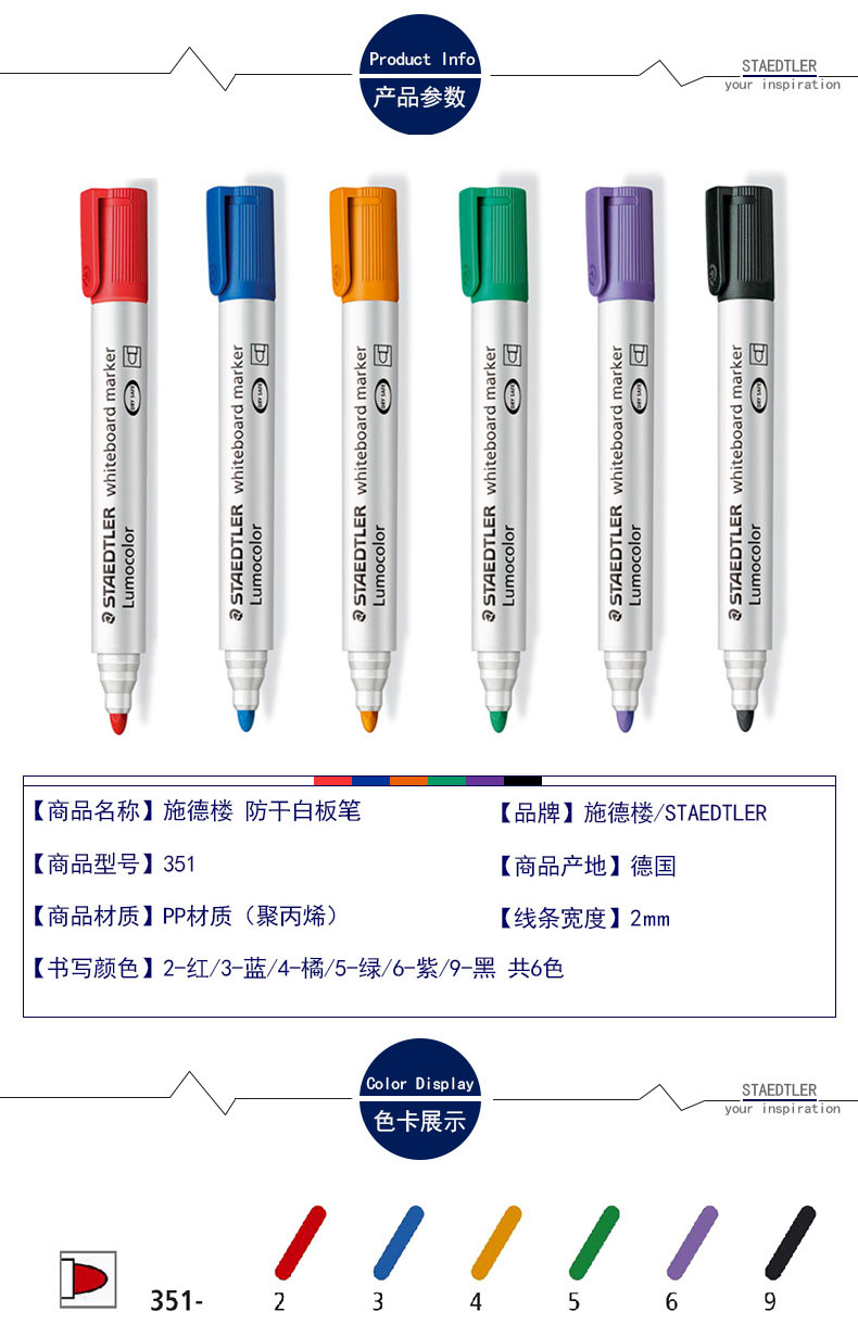 STAEDLER sched building 351 anti-dry white board pen black red blue green easy to rub 6-color suit office
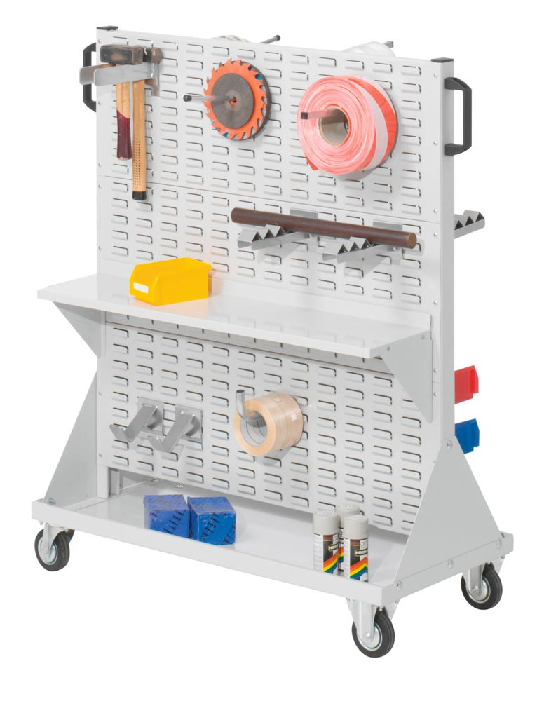 Werkstattwagen mit 2 Lochplatten je Seite, BxTxH 1000x500x1230 mm, RAL 7035/5010 E848019
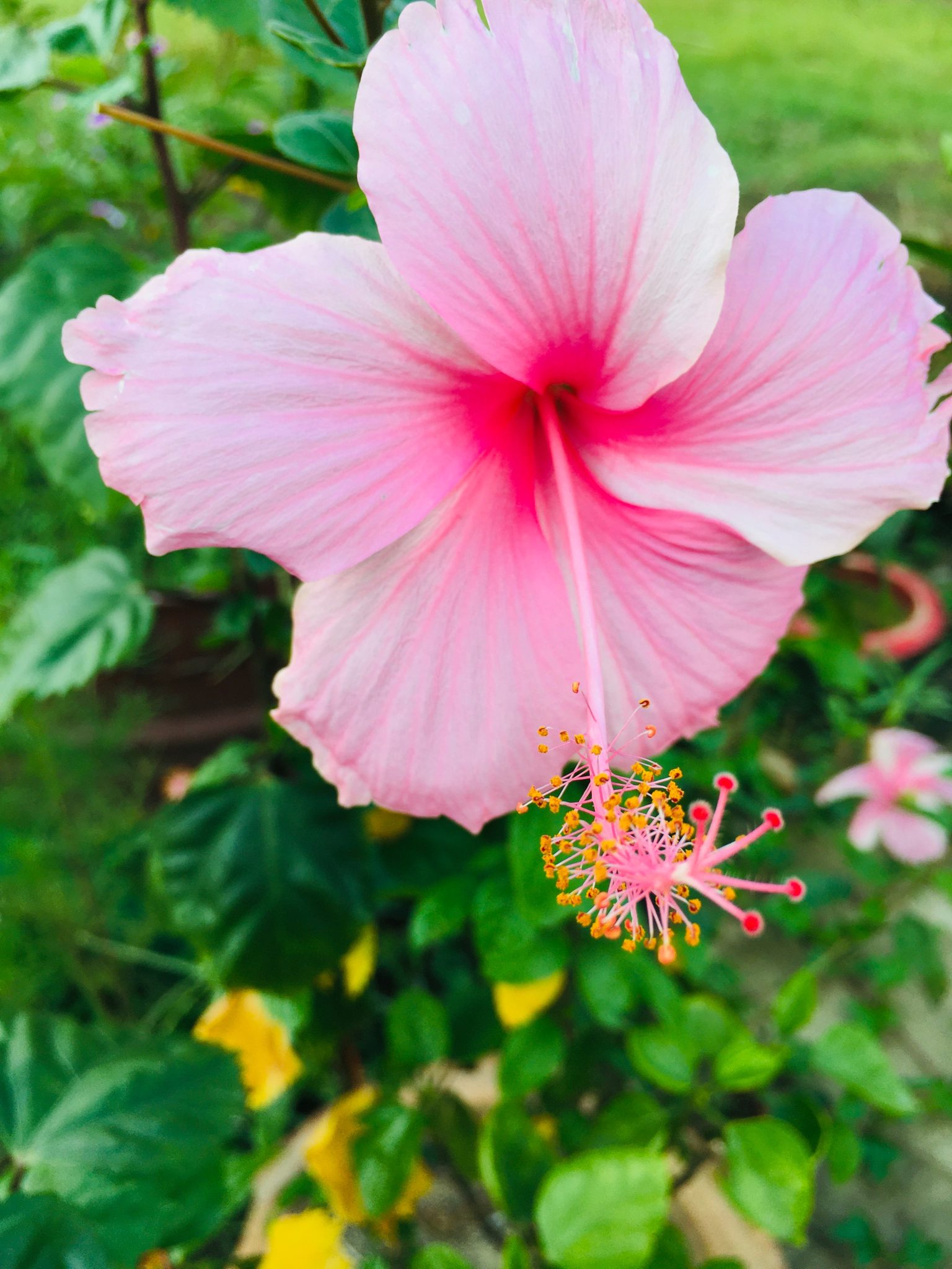 Alternative Text: A close-up of a pink hibiscus flower with slightly lighter pink petals and a vibrant red center.
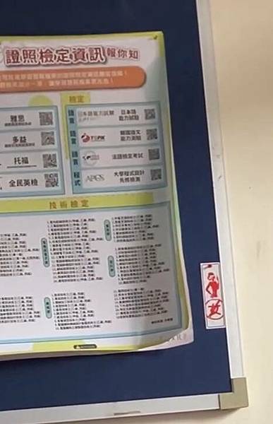 桃園市龍潭高中學生在Threads上發文投訴,男同學有言語霸凌、性騷行為,圖為男生在教室佈告欄畫歧視性別符號。(取自Threads)
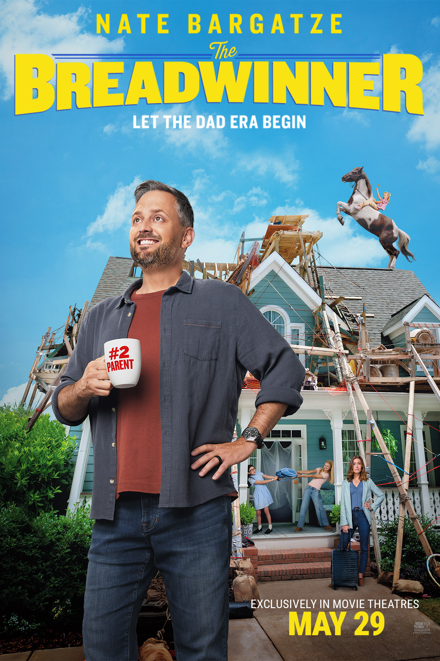 Starring record-shattering comedian Nate Bargatze in his first feature film, The Breadwinner stars Bargatze as salesman Nate Wilcox and Mandy Moore as his wife, Katie. To Nate and their three children, Katie is the ultimate mom - she manages their comically chaotic household with equal parts efficiency and love, and everything runs perfectly. But when Katie’s household invention leads to a once-in-a-lifetime deal on Shark Tank and takes her on a prolonged business trip, Nate has to figure out how to keep the house from (literally) falling apart. He and his kids soon learn that while he may not do it like mom, he can figure out how to do it his way. Welcome to the dad era.
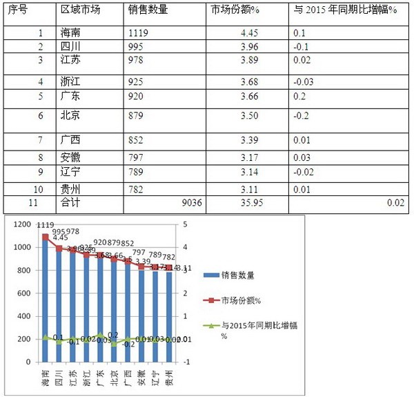 2、海南等10名区域市场的市场集中度为35.95%,同比提高0.02个百分点,说明区域市场竞争基本维持在一个相对平衡的状态。
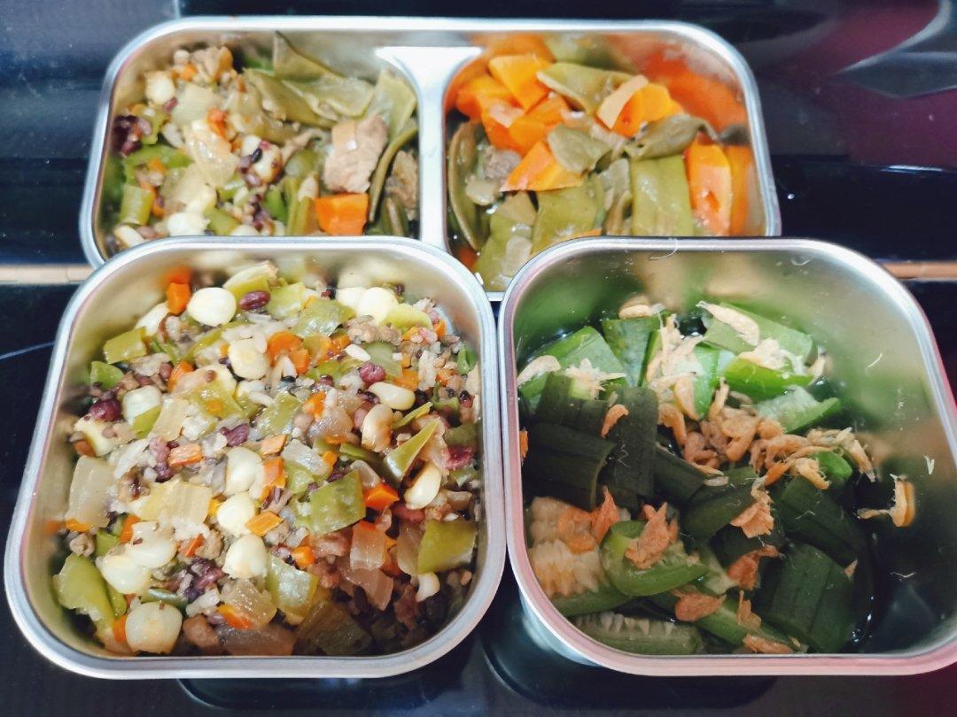 尖椒肉末雜蔬炒玉米杂粮饭,虾皮蒸丝瓜,牛肉炖胡萝卜豆角

• [Instructions for the task]:
Leaving every picture behind, retype the entries above exactly, from the first line through the line with "桃園市龍潭高中學生在Thre", and stop there.

• [Worked solution]:
 STAEDLER sched building 351 anti-dry white board pen black red blue green easy to rub 6-color suit office
 Werkstattwagen mit 2 Lochplatten je Seite, BxTxH 1000x500x1230 mm, RAL 7035/5010 E848019
 Alternative Text: A close-up of a pink hibiscus flower with slightly lighter pink petals and a vibrant red center.
 桃園市龍潭高中學生在Threads上發文投訴,男同學有言語霸凌、性騷行為,圖為男生在教室佈告欄畫歧視性別符號。(取自Threads)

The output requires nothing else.